Wire, gig review: 'There is still a dissatisfied itch to bassist Graham Lewis’ words'
Nick Hasted has been a film journalist since 1986. He writes about film, music, books and comics for The Independent, Sight & Sound, Uncut and Little White Lies. He has published two books: The Dark Story of Eminem (2002), and You Really Got Me: The Story of The Kinks (2011), both from Omnibus Press.
Monday 20 January 2014
The ceiling fans struggle to push the air around the sort of rammed pub upper room bands of Wire’s stature rarely visit. But in a 37-year career, including two breaks inevitable for a group its singer and co-songwriter Colin Newman characterises as prone to “psychic warfare”, Wire have fought furiously to avoid rock normality.
“They don’t sound as weird as they used to,” comments a woman who has randomly entered the pub tonight with strong memories of their debut Pink Flag’s strangeness in punk 1977. The loop of their influence means that “Adore Your Island”, from last year’s Change Becomes Us, recalls the Wire-inspired Blur.
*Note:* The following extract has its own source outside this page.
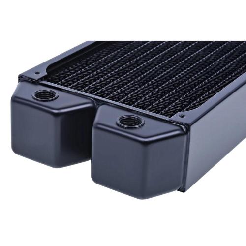 Ildesign nero con alette neresi adatta perfettamente a diversi modelli di PC. Grazie aisei attacchi G1/4il radiatore può essere facilmente integrato nel vostro sistema di raffreddamento ad acqua. Una connessione aggiuntiva G1/4" funge da porta di riempimento-scarico per rendere il riempimento e lo svuotamento dei circuiti personalizzati il più semplice possibile.

But the way Newman’s voice sinks sadly at the end of “As We Go”’s passages of choppy, chiming guitar, like “Swallow”’s feedback-flecked, rainbow-arc finish, remains singular. “Stealth of a Stork"’s stealthy riff triggers sporadic pogoing, while Newman’s tribal wail during the dragging, heavy “Harpooned” gets a more sensual response from some female dancers.
Tagged as post-punk because they quickly shed punk’s constricting chrysalis, Wire are psychedelically expansive too. There is still a querulous, dissatisfied itch to bassist Graham Lewis’s words as Newman sings them. Their business is unfinished.